For efficient targeted sequencing for research and diagnostic purposes, capture of DNA or RNA sequence with high specificity is critical. In this study, we presented an improved targeted DNA sequencing approach by using a strategy of two rounds of hybrid selection. Relative to our previous and other reports about the target specificity [9,10,11,12,13,14,15], the present approach significantly increases the efficiency of target enrichment. A previous study also used a similar strategy, but captured small, non-continuous and less complex genomic intervals (<20 kb) with array-based synthesized probes [26]. We also demonstrate high accuracy and reproducibility of the dCATCH-Seq method in DNA methylation quantitative analyses.

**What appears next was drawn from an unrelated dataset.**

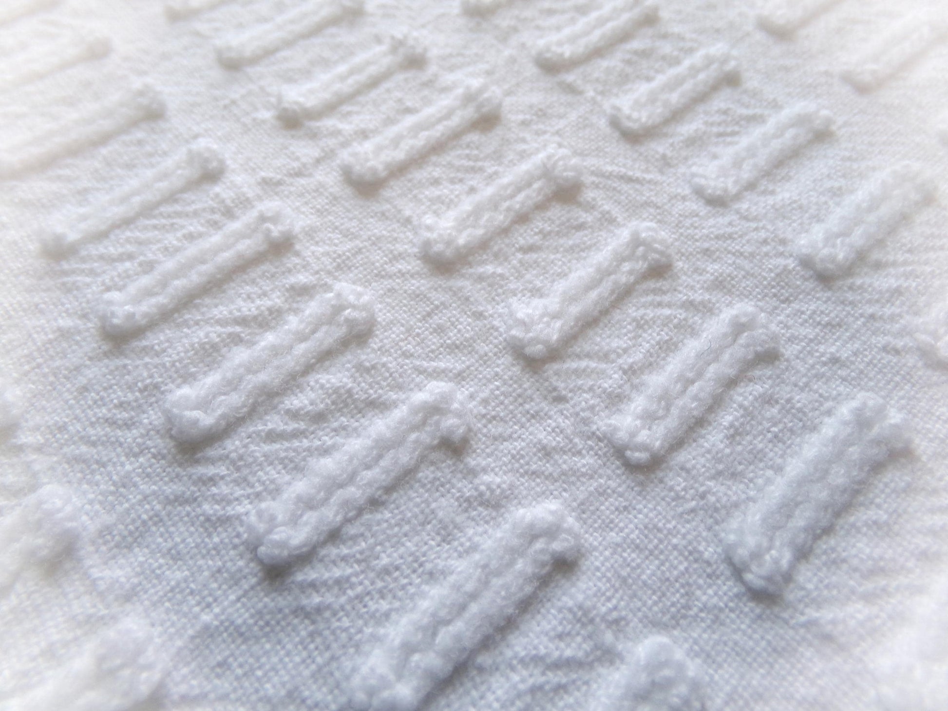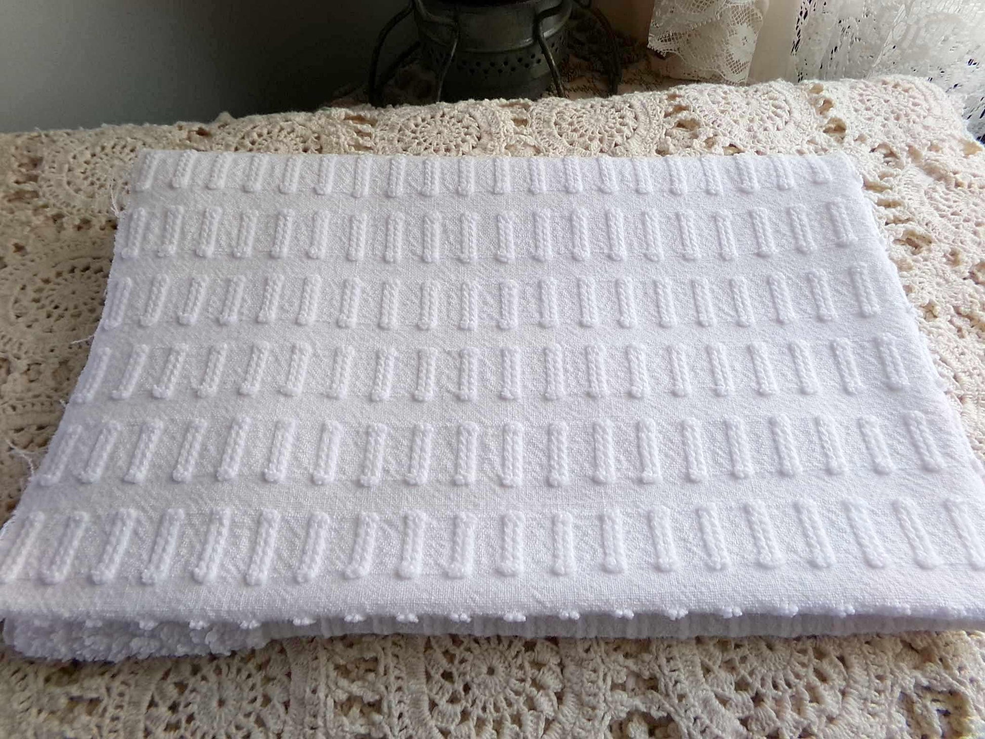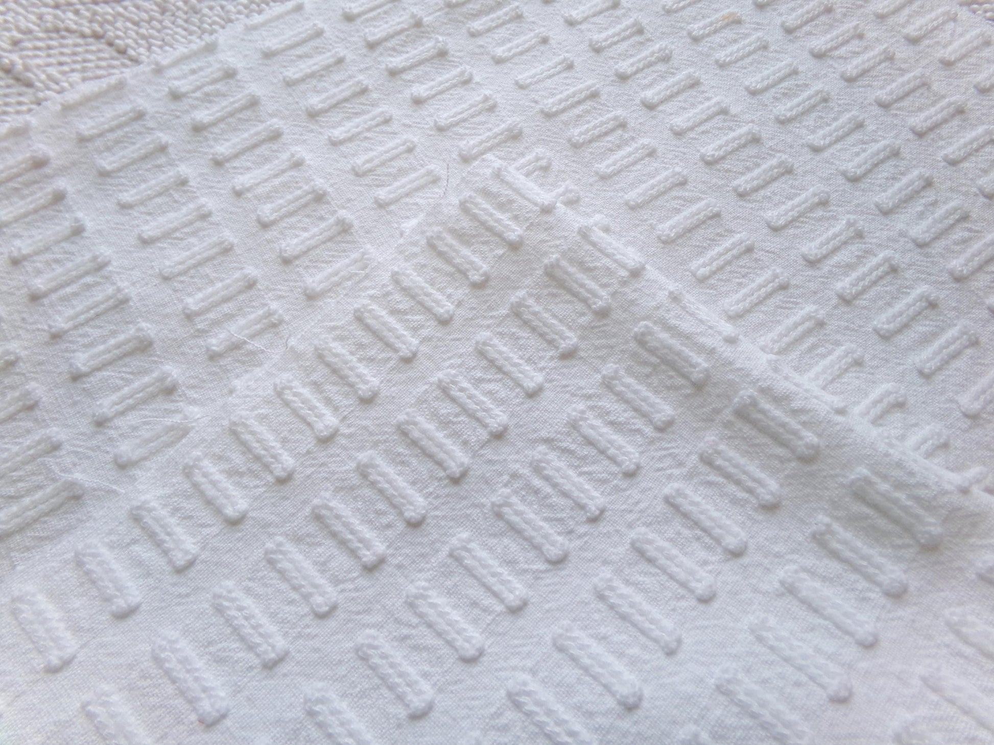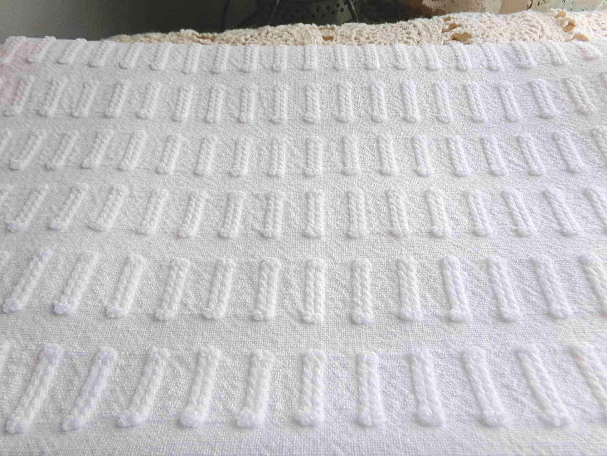 see more, cottagedivine.comGreat piece of minimalist white chenille fabric in a simple, slightly raised "buttonhole" design. A great way to add just a bit of textural interest without overpowering your project.

Owing to different design and purpose on capturing genomic regions, a comparison of the dCATCH-Seq method with other target enrichment platforms, e.g. exome enrichment, is generally inappropriate. Given that the enrichment technique for some commercial target enrichment platforms [7], including TruSeq (Illumina), SureSelect (Agilent), SeqCap (Roche NimbleGen), xGen (IDT), MYbaits (MYcroarray) and FleXelect (FlexGen), is similar with the dCATCH-Seq, all based on the hybrid capture, we speculate that the strategy of two-round hybridization approach might be plausible for these hybridization-based target enrichment platforms regardless of target size.

Capture of the entire MHC region by dCATCH-Seq with high efficiency is one of the most promising applications in this study. Because this region is broadly associated with numerous diseases, including cancers [27,28,29], autoimmune [30,31,32] and infectious diseases [33], etc. Diverse genetic interactions among MHC, Killer-cell Immunoglobulin-like Receptors (KIRs) and T-cell Receptors (TCRs) are also reported in human populations [34,35,36].

Several additional efforts could be taken to extend the application of our method with other techniques, such as targeted RNA-seq [37], single cell targeted sequencing [38], hybrid capture of viral or transgene integration sites in host genomes [39], enrichment of the human ancient DNA extracted from archaeological samples (e.g., bones) [40], cross-species DNA capture of ultraconserved elements (UCEs) or mitochondrial genomes for phylogenomic studies [41,42,43]. Conversely, the double capture approach is probably also useful for negative selection to remove unwanted molecules or by-products, such as contaminating DNA within a sample. For example, it is possible to apply the double capture approach to maximally eliminate the rRNA molecules for total RNA-seq [44]. Likewise, because there are approximately 30–50% of sequenced reads mapped to the mitochondrial genome for transposase-accessible chromatin with sequencing (ATAC-seq) technology [45, 46], the double capture strategy could be probably applicable to remove the mitochondrial DNA sequence.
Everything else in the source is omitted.